• _Problem to solve_:
Return the records word for word. Pictures do not belong in the copy.

^^^^

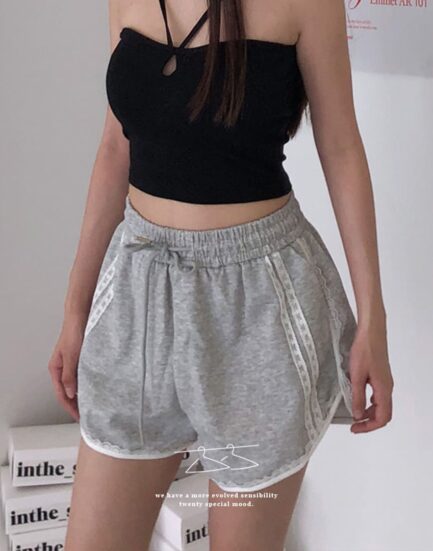 溫柔戀人--舒適蕾絲飾條鬆緊棉短褲 2511008-淺淺灰
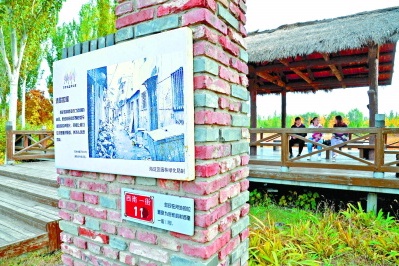 公园中常能看到这种红砖墙和老照片,这些都是用唐家岭地区拆迁、拆违后留下的材料打造而成。
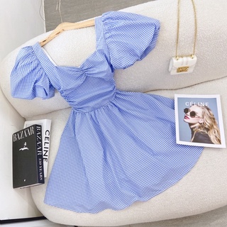 Đầm yếm tay phồng dáng xoè
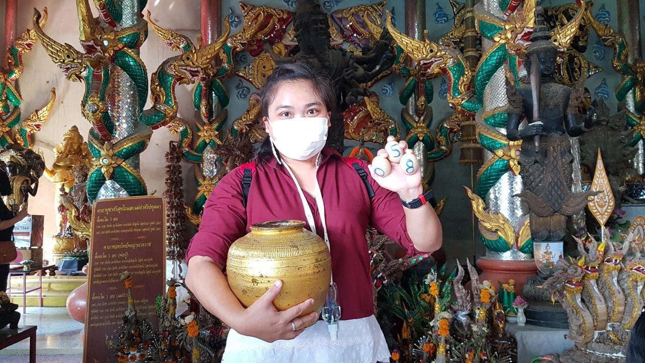 สำหรับวันนี้ ได้เขย่าเซียมซี ตั้งใจให้หล่นไม้เดียวคือเลข 27 และล้วงไข่ในไหทองคำขอโชคใหญ่ ก่อนล้วงไข่ได้ยกไหขึ้นเหนือศีรษะตั้งใจอธิษฐาน หากลูกถูกรางวัลดังเลข 3 ตัวที่หยิบมา จะกลับมาทำบุญ จากนั้นได้ล้วงขึ้นมา 3 ลูก เป็นหมายเลข 0, 8, 5 ก่อนที่จะเดินไปหาซื้อลอตเตอรี่ตามแผงในวัดลุ้นโชคต่อไป.
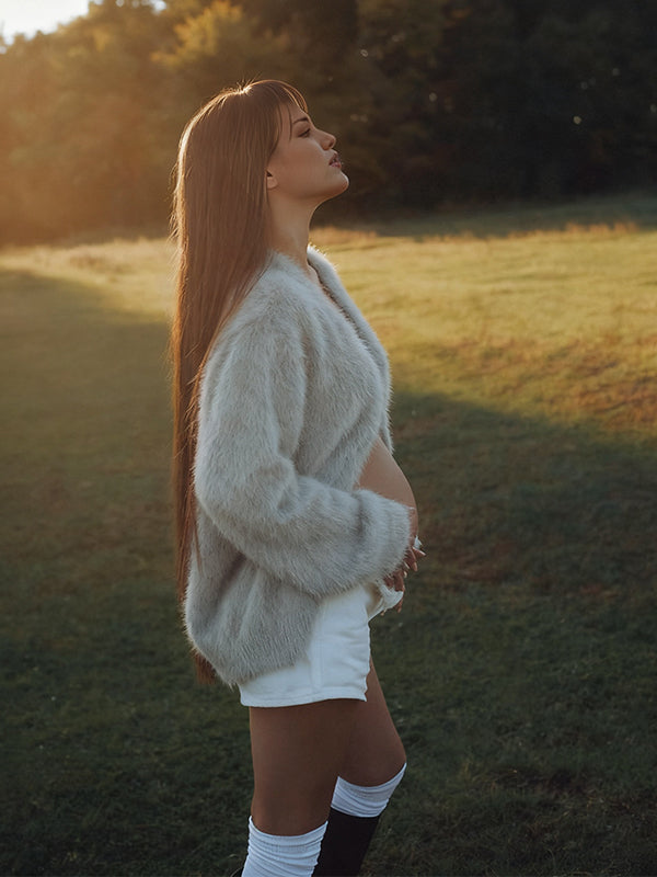 Momyknows Single Breasted Solid Color Photoshoot Maternity Sweater Fleece Cardigan
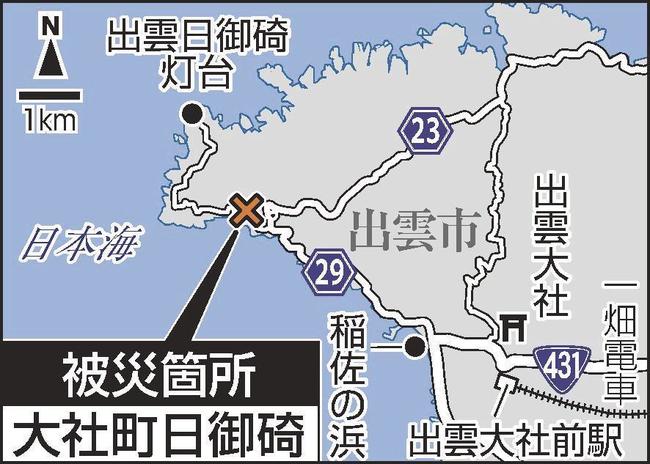 出雲日御碕灯台がある観光地の同地区には、発生時に宿泊者65人や宿泊施設の従業員21人が滞在しており、この日、ほぼ全員が船などで避難した。
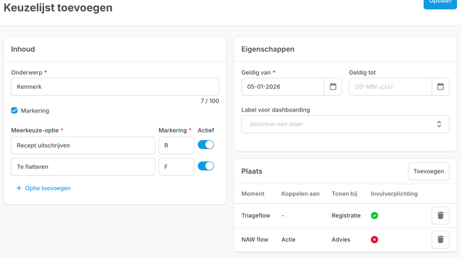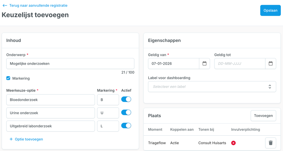 Klik Toevoegen om een Keuzelijst, Checkbox of Melding toe te voegen. In het voorbeeld hieronder wordt het detailscherm Keuzelijst toevoegen getoond.
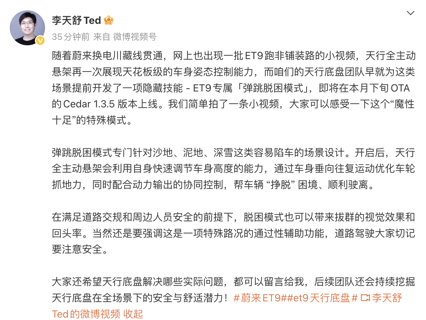 针对沙地、泥地等陷车场景,蔚来ET9“弹跳脱困模式”本月下旬上线 凤凰网科技讯 11月6日,上海蔚来汽车有限公司产品副总裁李天舒透露,ET9专属“弹跳脱困模式”,即将在本月下旬OTA的Cedar 1.3.5版本上线。 据介绍,弹跳脱困模式专门针对沙地、泥地、深雪这类容易陷车的场景设计。开启后,天行全主动悬架会利用自身快速调节车身高度的能力,通过车身垂向往复运动优化车轮抓地力,同时配合动力输出的协同控制,帮车辆 “挣脱” 困境、顺利驶离。 Published by 风君子 独自遨游何稽首 揭天掀地慰生平 View all posts by 风君子
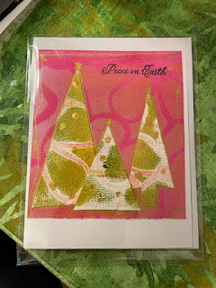 I created these lovelies with oodles of upcycled treasures that I have been saving all year! I have used my favorite yummy papers, such as, hand painted, stamped, stenciled, mono printed, exotic and found papers. These twinkly layered bits and pieces combine to find new life as this year's Christmas cards. I love upcycling these little scraps of love. Here's a smattering of what they look like and no two are exactly alike.
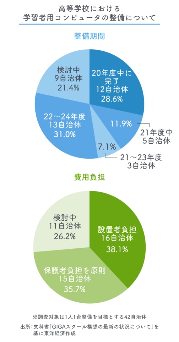 では「1人1台」を整備する費用は誰(どこ)が負担するのか。GIGAスクール構想では、小中学校への端末配備の費用を国が全額負担するが、高校への端末配備については、国の負担は部分的な補助となっている。調査によれば整備を目標としている42自治体のうち、16自治体(38.1%)は自治体自身の負担で整備する「設置者負担」としている。
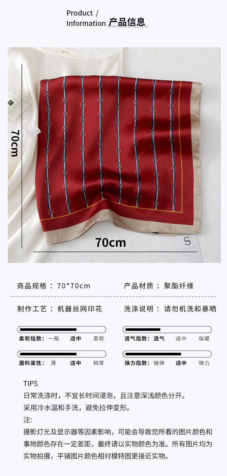 Coreano de alta calidad 70 bufandas cuadradas de impresión de seda femenina bufandas de cabello azafata decoración profesional bufandas de moda
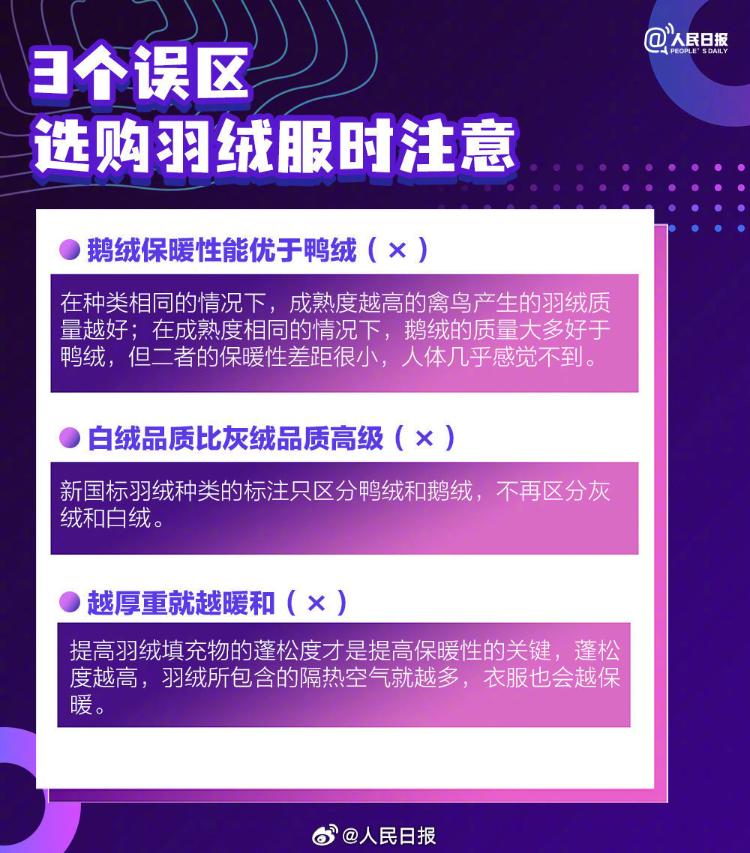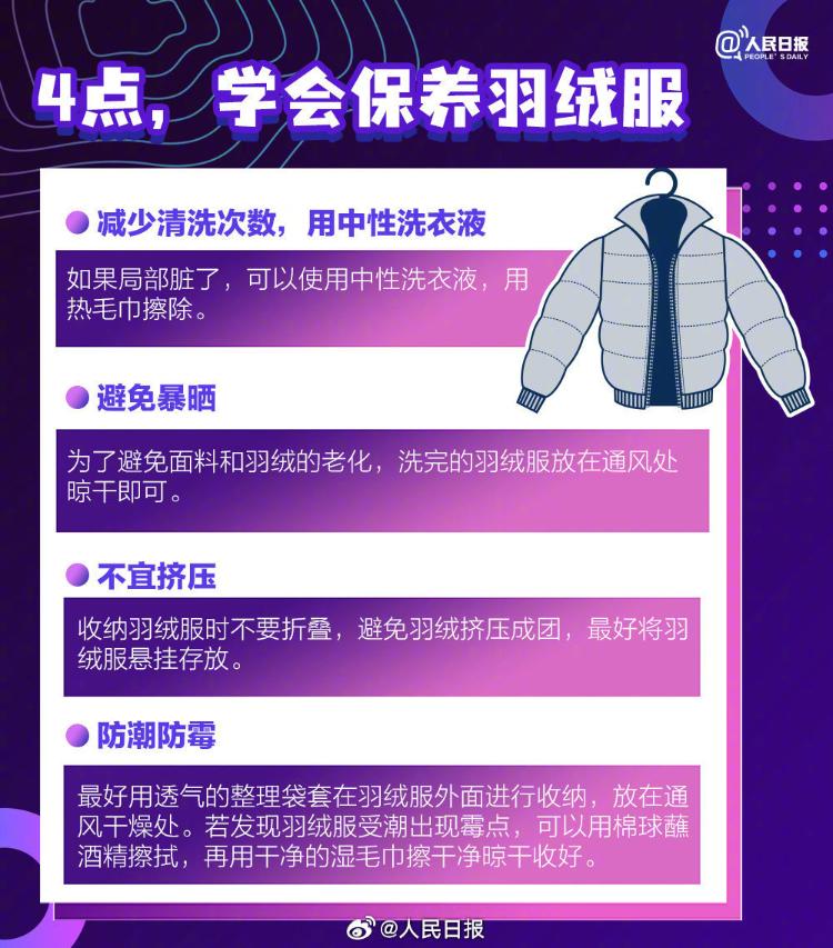 降温!这份羽绒服选购指南请查收 人民日报微博 2024-11-03 2735 今天开始,新一股强冷空气将影响我国中东部大部地区,局地降温达12℃。天气转凉,又快到了穿羽绒服的季节。怎样保养羽绒服?选购羽绒服要避免哪些误区?5步教你挑选羽绒服,这份羽绒服选购指南请查收。 (人民日报微博) 责任编辑:崔可腾

^^^^

• _Solution below_:
 溫柔戀人--舒適蕾絲飾條鬆緊棉短褲 2511008-淺淺灰
 公园中常能看到这种红砖墙和老照片,这些都是用唐家岭地区拆迁、拆违后留下的材料打造而成。
 Đầm yếm tay phồng dáng xoè
 สำหรับวันนี้ ได้เขย่าเซียมซี ตั้งใจให้หล่นไม้เดียวคือเลข 27 และล้วงไข่ในไหทองคำขอโชคใหญ่ ก่อนล้วงไข่ได้ยกไหขึ้นเหนือศีรษะตั้งใจอธิษฐาน หากลูกถูกรางวัลดังเลข 3 ตัวที่หยิบมา จะกลับมาทำบุญ จากนั้นได้ล้วงขึ้นมา 3 ลูก เป็นหมายเลข 0, 8, 5 ก่อนที่จะเดินไปหาซื้อลอตเตอรี่ตามแผงในวัดลุ้นโชคต่อไป.
 Momyknows Single Breasted Solid Color Photoshoot Maternity Sweater Fleece Cardigan
 出雲日御碕灯台がある観光地の同地区には、発生時に宿泊者65人や宿泊施設の従業員21人が滞在しており、この日、ほぼ全員が船などで避難した。
 Klik Toevoegen om een Keuzelijst, Checkbox of Melding toe te voegen. In het voorbeeld hieronder wordt het detailscherm Keuzelijst toevoegen getoond.
 针对沙地、泥地等陷车场景,蔚来ET9“弹跳脱困模式”本月下旬上线 凤凰网科技讯 11月6日,上海蔚来汽车有限公司产品副总裁李天舒透露,ET9专属“弹跳脱困模式”,即将在本月下旬OTA的Cedar 1.3.5版本上线。 据介绍,弹跳脱困模式专门针对沙地、泥地、深雪这类容易陷车的场景设计。开启后,天行全主动悬架会利用自身快速调节车身高度的能力,通过车身垂向往复运动优化车轮抓地力,同时配合动力输出的协同控制,帮车辆 “挣脱” 困境、顺利驶离。 Published by 风君子 独自遨游何稽首 揭天掀地慰生平 View all posts by 风君子
 I created these lovelies with oodles of upcycled treasures that I have been saving all year! I have used my favorite yummy papers, such as, hand painted, stamped, stenciled, mono printed, exotic and found papers. These twinkly layered bits and pieces combine to find new life as this year's Christmas cards. I love upcycling these little scraps of love. Here's a smattering of what they look like and no two are exactly alike.
 では「1人1台」を整備する費用は誰(どこ)が負担するのか。GIGAスクール構想では、小中学校への端末配備の費用を国が全額負担するが、高校への端末配備については、国の負担は部分的な補助となっている。調査によれば整備を目標としている42自治体のうち、16自治体(38.1%)は自治体自身の負担で整備する「設置者負担」としている。
 Coreano de alta calidad 70 bufandas cuadradas de impresión de seda femenina bufandas de cabello azafata decoración profesional bufandas de moda
 降温!这份羽绒服选购指南请查收 人民日报微博 2024-11-03 2735 今天开始,新一股强冷空气将影响我国中东部大部地区,局地降温达12℃。天气转凉,又快到了穿羽绒服的季节。怎样保养羽绒服?选购羽绒服要避免哪些误区?5步教你挑选羽绒服,这份羽绒服选购指南请查收。 (人民日报微博) 责任编辑:崔可腾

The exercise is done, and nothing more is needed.